**Data block:**
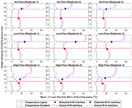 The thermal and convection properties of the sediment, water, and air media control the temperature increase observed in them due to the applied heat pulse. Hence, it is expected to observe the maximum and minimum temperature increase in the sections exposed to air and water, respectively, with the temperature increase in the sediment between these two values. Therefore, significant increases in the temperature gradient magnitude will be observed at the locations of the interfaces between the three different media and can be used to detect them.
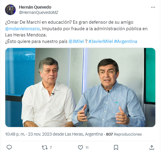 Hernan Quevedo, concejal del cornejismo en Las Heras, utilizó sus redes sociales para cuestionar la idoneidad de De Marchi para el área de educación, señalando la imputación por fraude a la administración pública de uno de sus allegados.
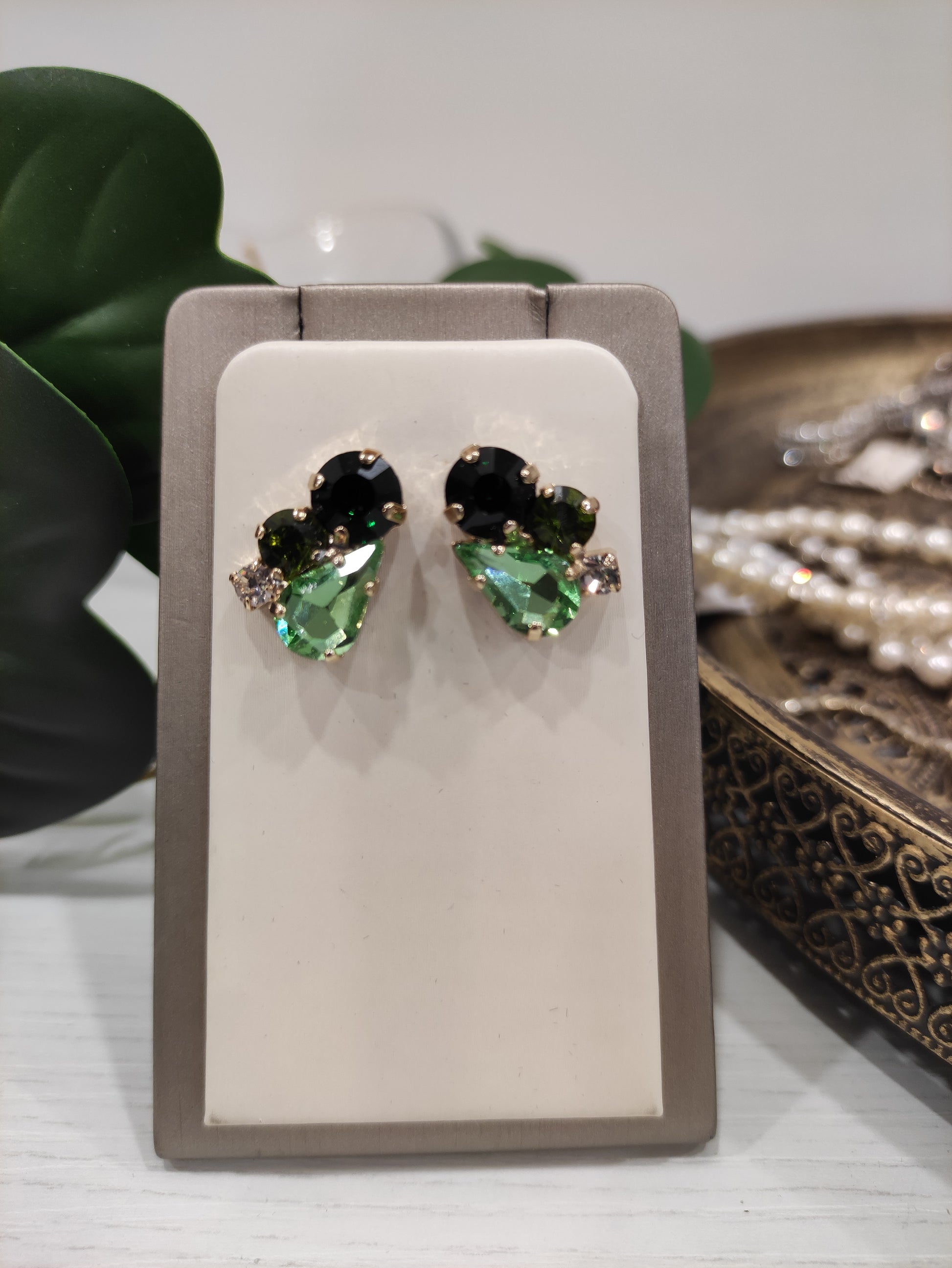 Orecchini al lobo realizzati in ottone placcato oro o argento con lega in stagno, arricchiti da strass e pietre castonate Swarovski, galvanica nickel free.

**What is needed:**
Give back the material word for word, leaving out its pictures.

**Completed task:**
 The thermal and convection properties of the sediment, water, and air media control the temperature increase observed in them due to the applied heat pulse. Hence, it is expected to observe the maximum and minimum temperature increase in the sections exposed to air and water, respectively, with the temperature increase in the sediment between these two values. Therefore, significant increases in the temperature gradient magnitude will be observed at the locations of the interfaces between the three different media and can be used to detect them.
 Hernan Quevedo, concejal del cornejismo en Las Heras, utilizó sus redes sociales para cuestionar la idoneidad de De Marchi para el área de educación, señalando la imputación por fraude a la administración pública de uno de sus allegados.
 Orecchini al lobo realizzati in ottone placcato oro o argento con lega in stagno, arricchiti da strass e pietre castonate Swarovski, galvanica nickel free.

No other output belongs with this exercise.